====== Supplied records

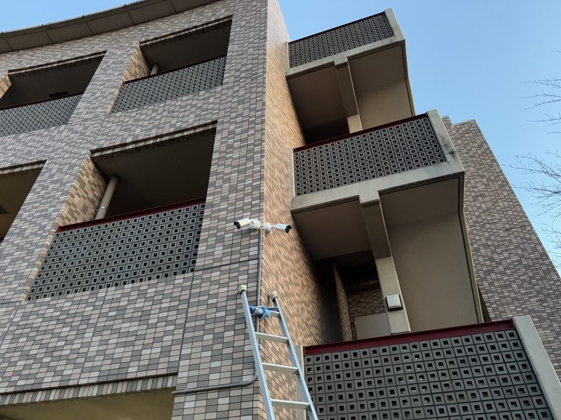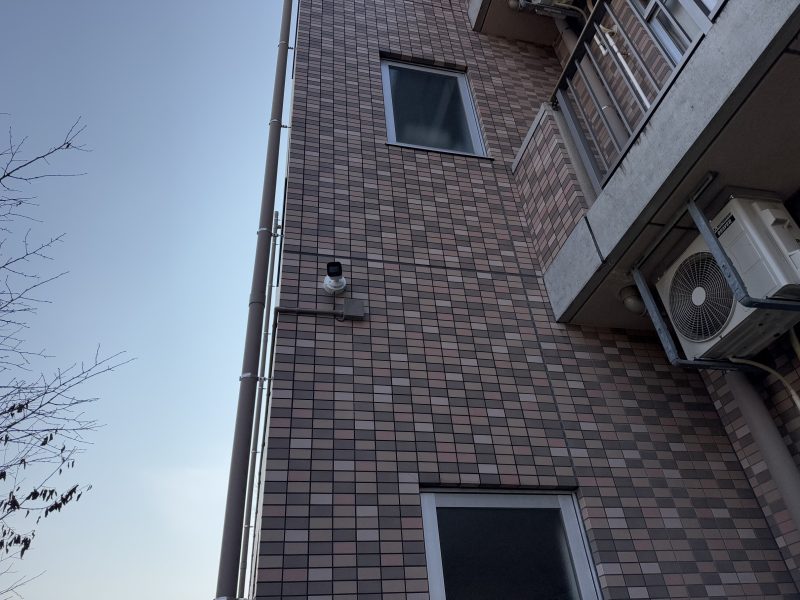 また、外壁のタイル調デザインに合わせて 配管やカメラの色味・取付位置も丁寧に調整し、建物の外観を損なわない仕上がりにしています。
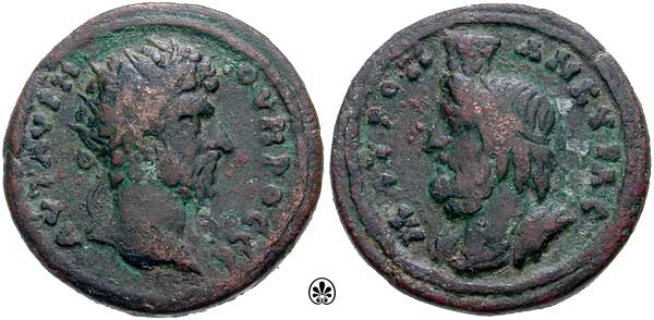 Arslan 16v | Lucius Verus AE 26mm of Galatia, Ankyra. AYT AYΡH OYHΡOC CE, radiate head right / MHTΡOΠ ANKYΡAC, diademed head of Sarapis left, wearing modius. Arslan 16 var (obv. bust type). Apparently unpublished. CNG 24, 61909. | Text | Image |
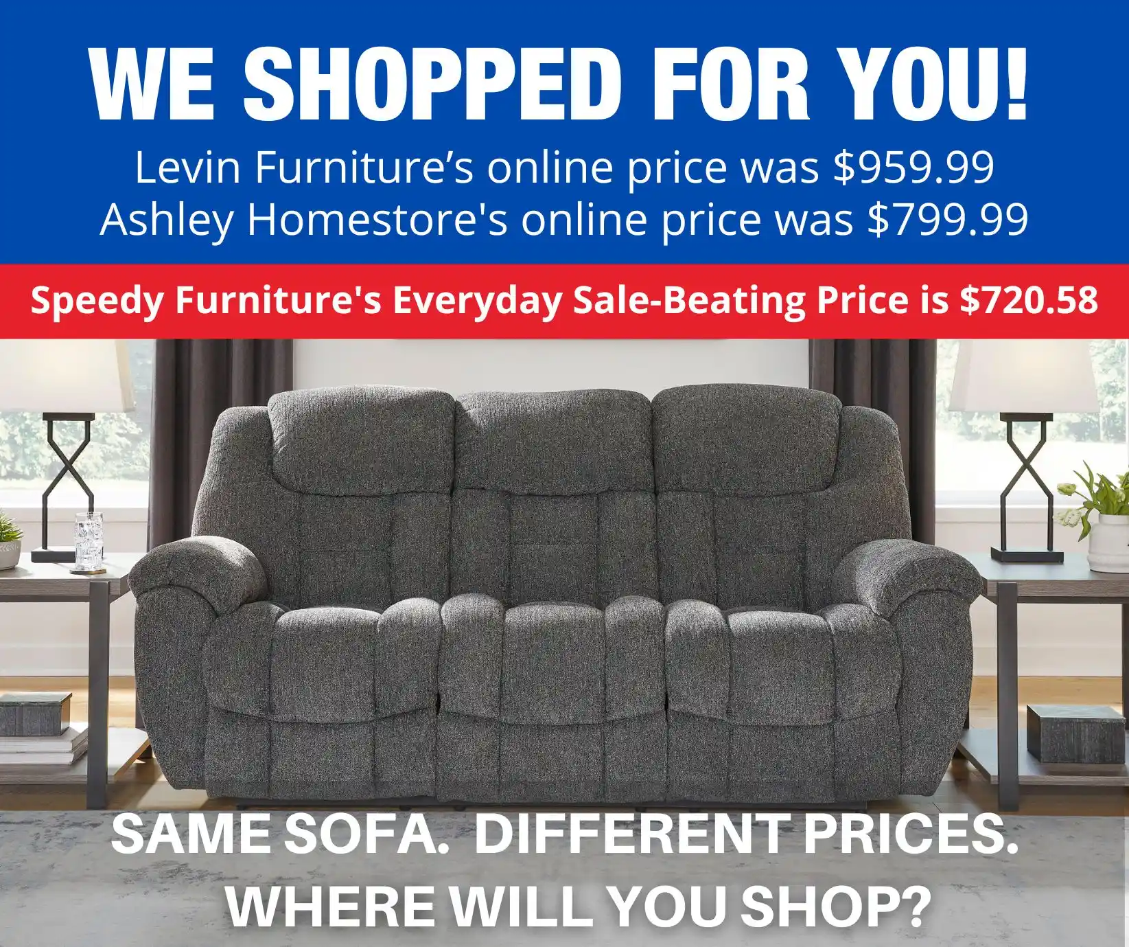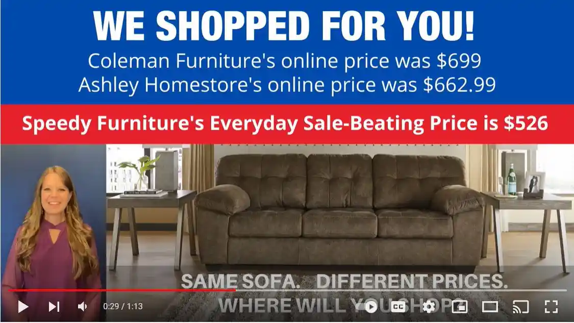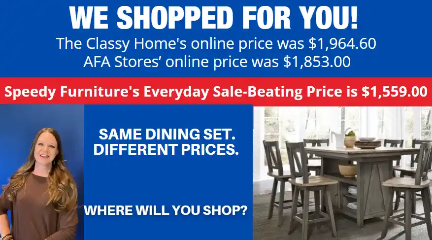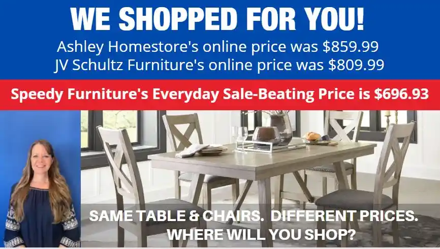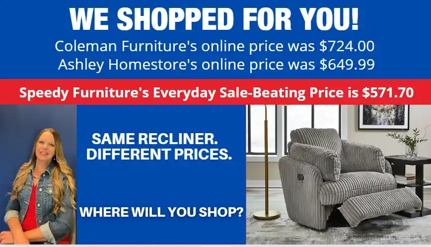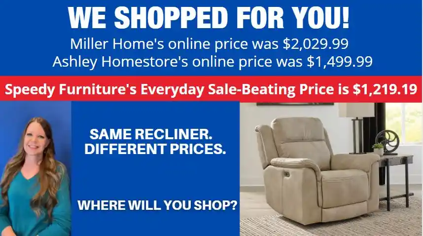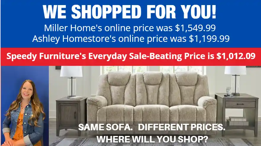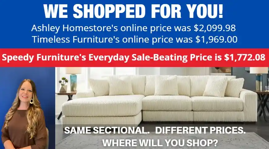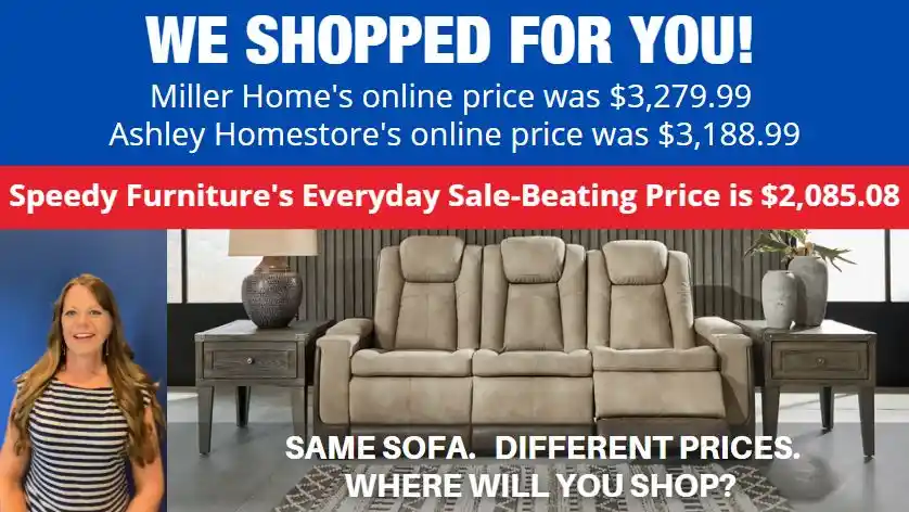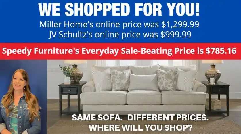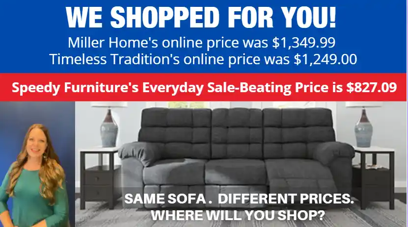 OF SPEEDY FURNITURE’S SALE-BEATING PRICES...
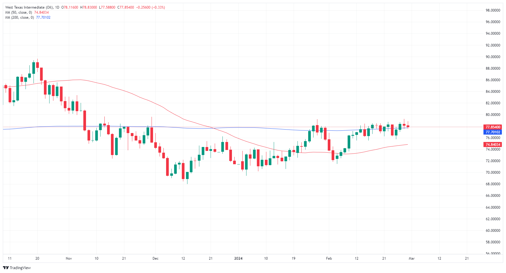 West Texas Intermediate (WTI) US Crude Oil traded closely with the $78.00 handle on Thursday as bullish Crude Oil momentum stopped in its tracks as rising US Crude Oil stocks begin to weigh on energy risk appetite. US Personal Consumption Expenditure (PCE) inflation came in at expectations but failed to spark renewed hopes for Federal Reserve (Fed) rate cuts.
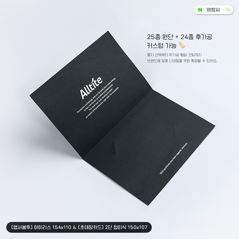 2단 접이식 초대장 카드 150x107 제작 | 고급 행사·메뉴판용 접지 카드 - 명함씨
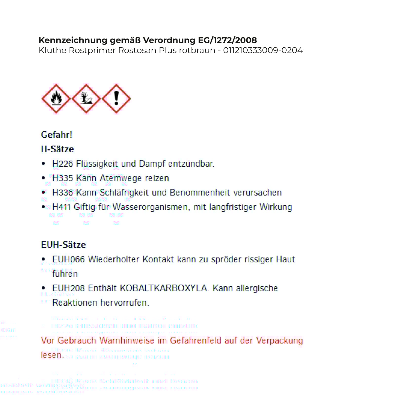 - EUH208 Enthält KOBALTKARBOXYLA. Kann allergische Reaktionen hervorrufen.

============

- [What the exercise asks] Full transcription without images: please go through the records and repeat them exactly.

- [Task result]
 また、外壁のタイル調デザインに合わせて 配管やカメラの色味・取付位置も丁寧に調整し、建物の外観を損なわない仕上がりにしています。
 Arslan 16v | Lucius Verus AE 26mm of Galatia, Ankyra. AYT AYΡH OYHΡOC CE, radiate head right / MHTΡOΠ ANKYΡAC, diademed head of Sarapis left, wearing modius. Arslan 16 var (obv. bust type). Apparently unpublished. CNG 24, 61909. | Text | Image |
 OF SPEEDY FURNITURE’S SALE-BEATING PRICES...
 West Texas Intermediate (WTI) US Crude Oil traded closely with the $78.00 handle on Thursday as bullish Crude Oil momentum stopped in its tracks as rising US Crude Oil stocks begin to weigh on energy risk appetite. US Personal Consumption Expenditure (PCE) inflation came in at expectations but failed to spark renewed hopes for Federal Reserve (Fed) rate cuts.
 2단 접이식 초대장 카드 150x107 제작 | 고급 행사·메뉴판용 접지 카드 - 명함씨
 - EUH208 Enthält KOBALTKARBOXYLA. Kann allergische Reaktionen hervorrufen.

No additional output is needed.